Now, more than 700 years later, you’ll still find Arabs playing cards in their houses, their cars, their local cafes and even in their offices (for as the Arabs say: “غابَ القِطّ لَعِب الفَأْر”/ “ghab alqit laeib alfar” / “When the cat’s away, the mice will play”…usually tarneeb or trix). Speaking of tarneeb and trix, what are these and some other card games that Arabs have been playing for the last few centuries?
Tarneeb was created by Arabs hundreds of years ago, yet it’s still the most popular card game among the Arabic speaking countries (and for some strange reason, Tanzania) today; however, trying to explain the rules and how to play tarneeb in just a few sentences of a website blog is nearly impossible. In fact, there are actually whole websites devoted to the subject, so let’s just start with a relatively simple explanation: tarneeb is popular tricks card game played among four players divided into two teams, using a standard 52-card deck of playing cards. Though tarneeb is fast-paced and high competitive, game play can last for hours.
Another one of the popular Arab card games is baloot which may or may not be related to the French card game Belote. Whatever the case, you will not find anyone in the Gulf countries who doesn’t know how to play baloot. And with the advent of downloadable apps and games to your smartphone, there is no IOS or Android device that doesn’t have this digital card game installed on it.
Also known as hand, the conquian card game is the Arabic edition of the Rummy; in fact, many countries of North Africa still call it Rummy as conquian and Rummy basically follow the same rules. Mostly popular in the Levant region, you can also find people playing it in other Middle Eastern countries, especially the Gulf. Though it’s has slower game play than tarneeb, once the game gets going, neighbors living miles away will know who’s playing and where they’re playing hand because of the loud, excited voices. Incidentally, this is usually the first card game that Arab kids learn, which means playing leads to memories of happy times spent with the family.

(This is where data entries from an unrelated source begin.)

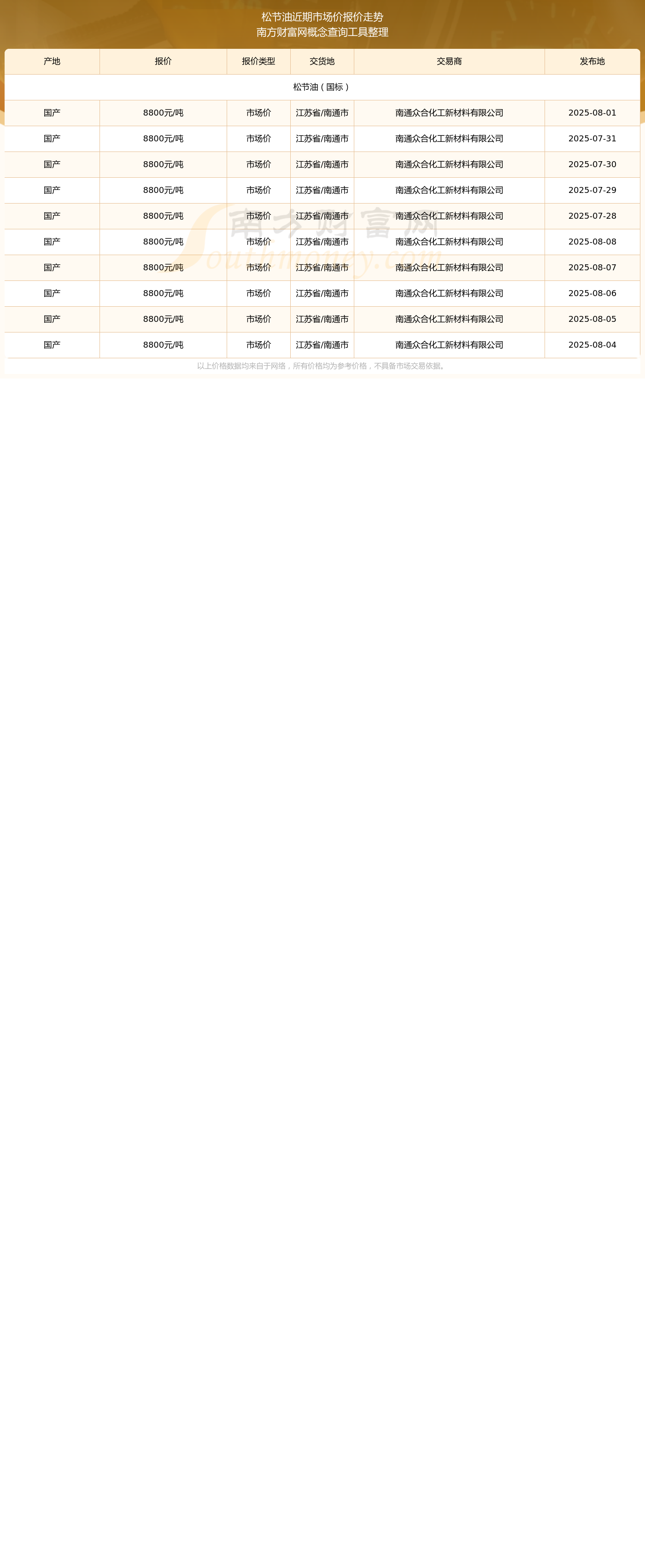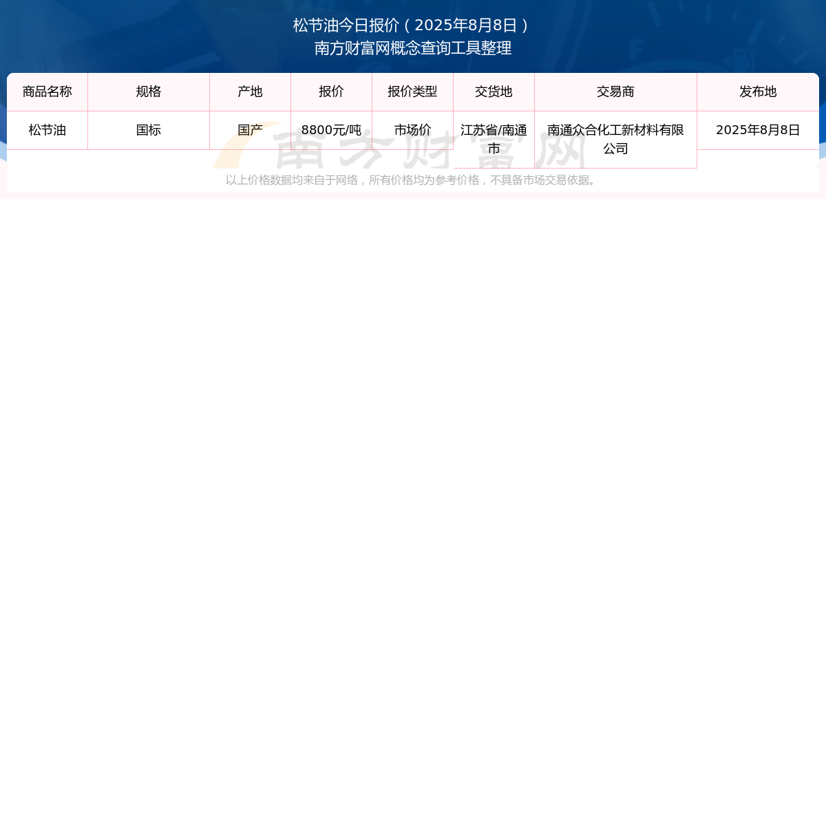 2025年8月8日,南通众合化工新材料有限公司松节油(国标),国产,交易地点为江苏省/南通市,市场价报价为8800.00元/吨。
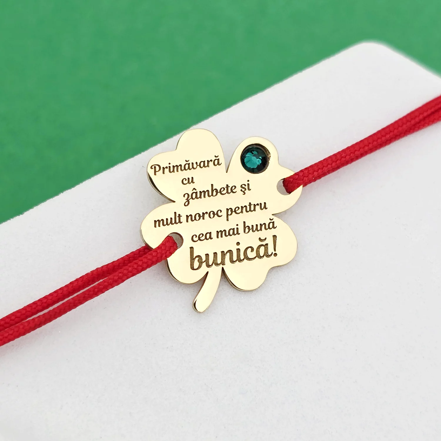 Bratara Trifoi - Primavara cu zambete - Argint 925 si Cristal Swarovski - Snur reglabil, diverse culori
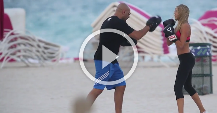 We got video of the very hot Tetyana Veryovkina doing a boxing workout on the beach but the only problem is she’s a really bad boxer!
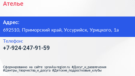 Ателье по адресу 692510, Приморский край, Уссурийск, Урицкого, 1а в дальнейшем Организация, размещена в следующих категориях:
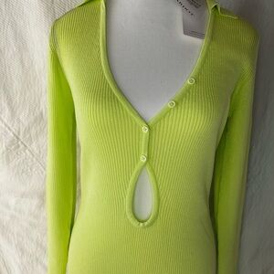 Bardot Green Plunge Neck Long Sleeve Bodycon Dress
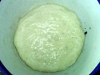Knead well. Leave at 22-25 degrees and let ferment for 15-20 hours
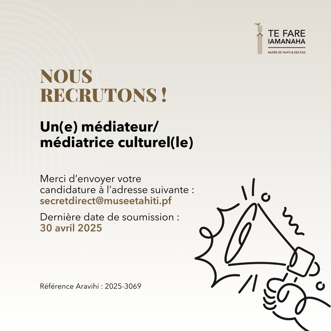 - Dépôt des candidatures à l’adresse suivante : secretdirect@museetahiti.pf
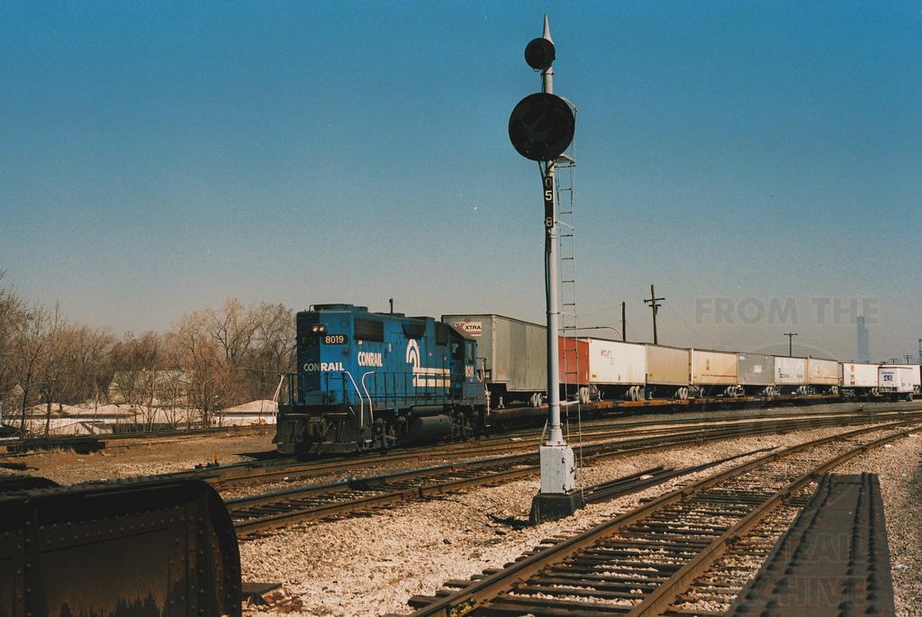 Conrail GP38-2 No 8019 switches piggyback cars at the south end of the 51st Street Yard in April 1987. A C&WI CPL signal guards the main. Doug Davidson photo with permission
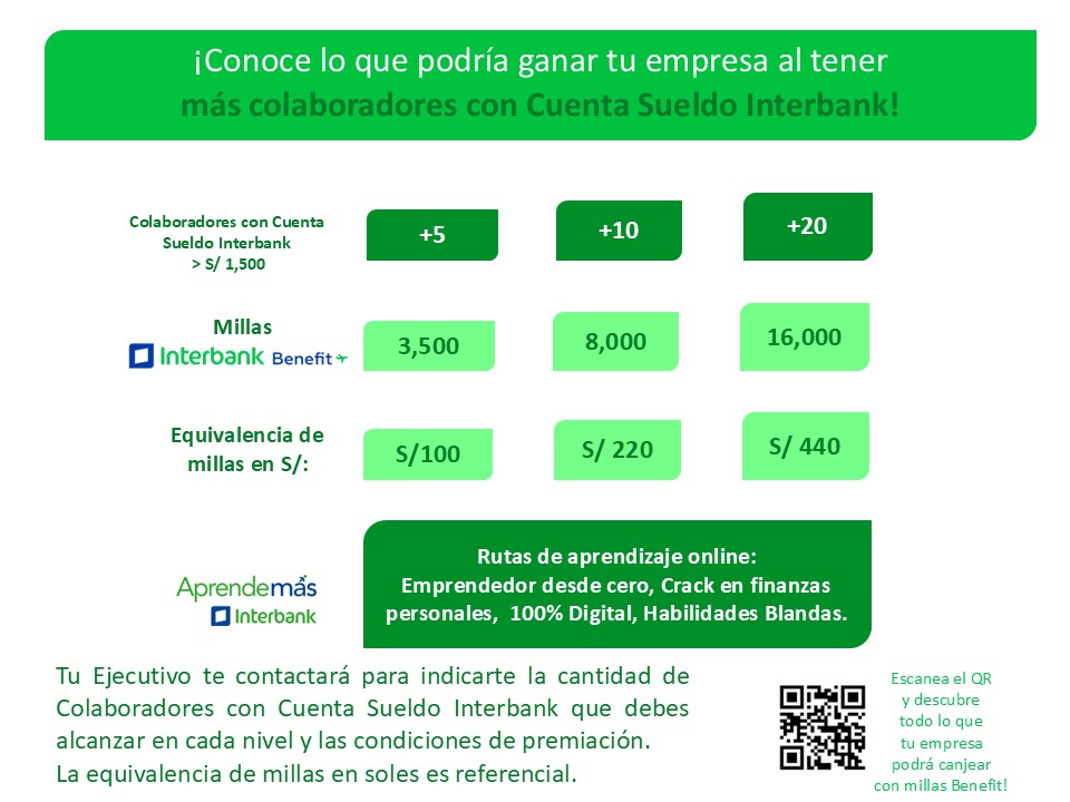 Interbank otorga todos los beneficios establecidos por la legislación laboral peruana de manera obligatoria, y en muchos casos, con condiciones que superan el mínimo legal. Estos beneficios constituyen la base de la seguridad y protección del colaborador y su familia.
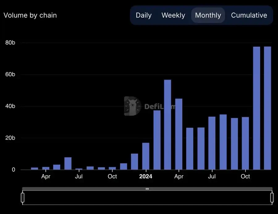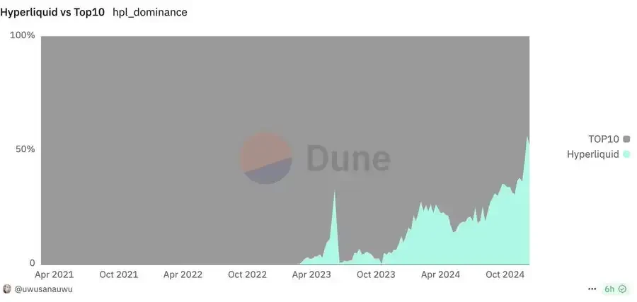 Hyperliquid这一平台不断吸引用户,一方面是由于其去**化的特性,这是当今市场的一大趋势,另一方面则是其与传统**化交易所(CEX,如Binance)日益增长的竞争关系。虽然当前Hyperliquid与Binance的市场份额差距依然明显,但过去数周内,Hyperliquid的市场份额提升显著,展示了其强劲的市场拓展能力。
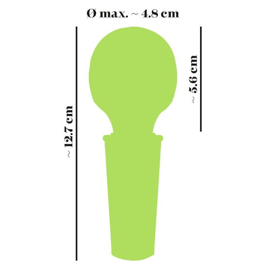 Comprimento total 12,7 cm, cabeça de massagem 5,6 cm de comprimento, Ø máx. 4,8 cm.
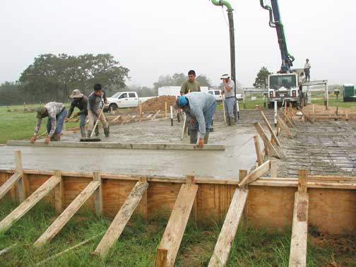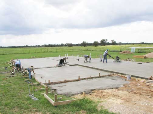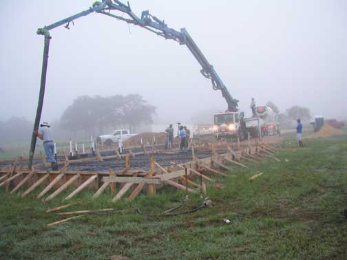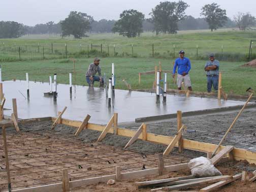 Very little time to take a break when working with cement...there is the in between trucks that breathers can be taken...plumbing pipes show where kitchen and bathroom will be.
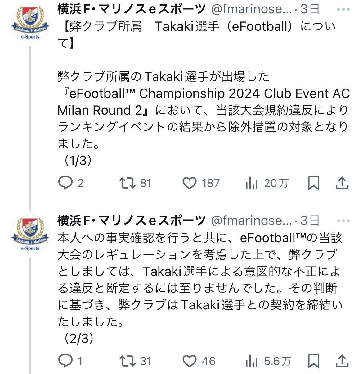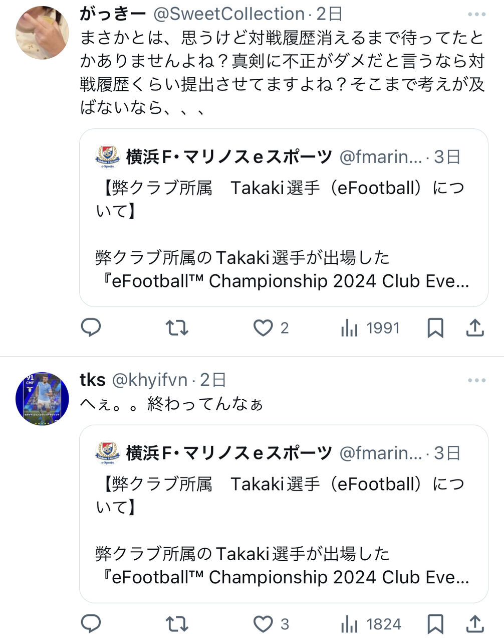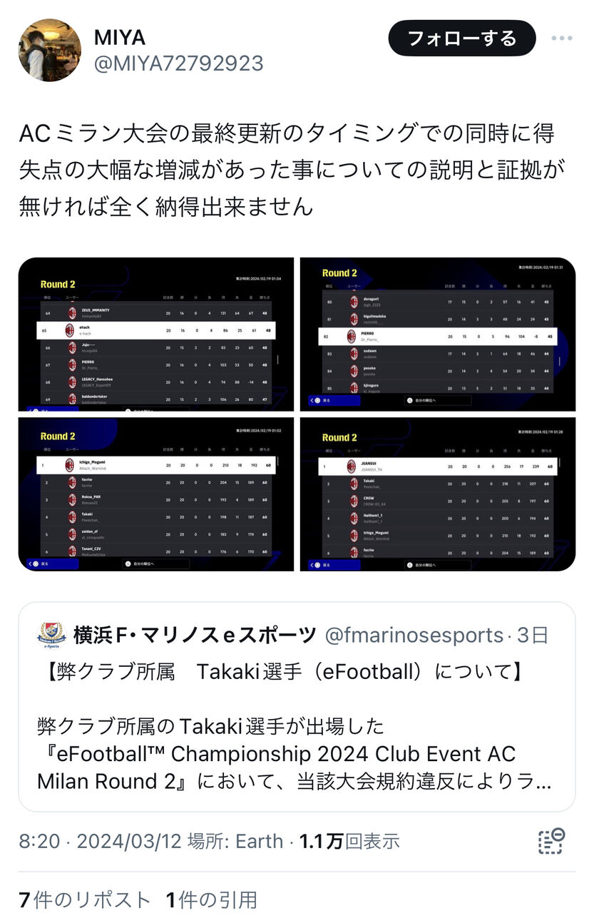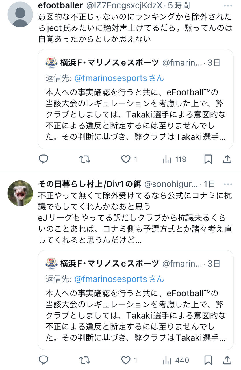 イーフトの公式大会予選でマリノスeスポーツチーム所属の元イーフト世界王者プロゲーマーが大量得点の談合不正試合疑惑が出る
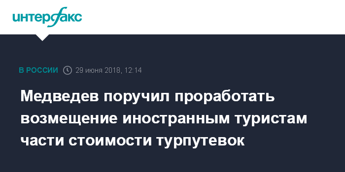 Москва. 29 июня. INTERFAX.RU - Премьер-министр РФ Дмитрий Медведев поручил федеральным органам исполнительной власти проработать вопрос компенсаций части стоимости турпутевки для иностранных туристов для стимулирования въездного турпотока.
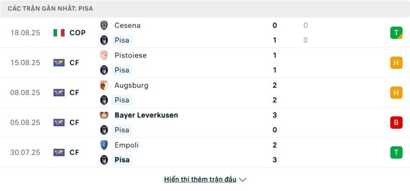Bên kia chiến tuyến, Pisa đang có hành trang là sự hưng phấn của một tân binh. Sau khi giành quyền thăng hạng từ Serie B, đội bóng này đã có một mùa hè cực kỳ thành công. Họ bất bại trong 6/7 trận gần nhất, trong đó có chuỗi 3 chiến thắng liên tiếp và những trận hòa kiên cường trước các đối thủ mạnh như Augsburg. Đáng chú ý nhất, Pisa đã xuất sắc vượt qua Cesena tại Coppa Italia, một liều thuốc tinh thần không thể tuyệt vời hơn. Sự tự tin và phong độ cao chính là vũ khí lớn nhất của Pisa trong chuyến làm khách đầy thử thách này.
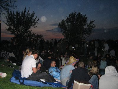 何本か待ってなんとかボン中央駅を20時に出発、Rheinaue自然公園に着いたのは20時半ごろでした。天気がよかったからか明るいうちから23時の花火を目当てにどこもかしこも人、人、人・・・。黒山の人だかりです。
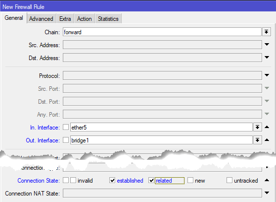 Остальной трафик из локальной сети в интернет мы никак не трогаем, потому что по умолчанию все и так разрешено, а любые дополнительные разрешающие правила окажутся пустышками, бесцельно расходующими вычислительные ресурсы роутера. Поэтому будем сразу закрываться от доступа из всемирной сети. Но прежде точно также разрешим уже установленные и связанные соединения: Chain - forward, In. Interface - ether5, Out. Interface - bridge1, ниже в Connection State устанавливаем флаги established и related, действие accept.
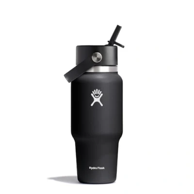 Hydro Flask Wide Flex Straw Travel Bottle 710ml (24 oz) Leakproof, Insulated, Cupholder Compatible Keeps Drinks Cold 24 Hrs Cap Black
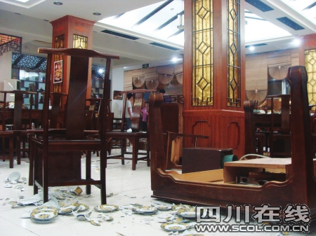 餐飲店內(nèi)一片狼藉

The trix card game (also called tricks or trex) has started to gain popularity in many houses and dorm rooms of the Middle East. Perhaps the French game Barbu is the closest card game to the modern version of trix, where the king of hearts can also determine your fate. Indeed, the kings play a very big role in this game as they decide which “kingdom” or cycle get’s played.
These four games are the most popular games throughout the Middle East region, and if you would like to learn to play them, thanks to modern technology, you can find a variety of games available for download to your smartphone to get you started.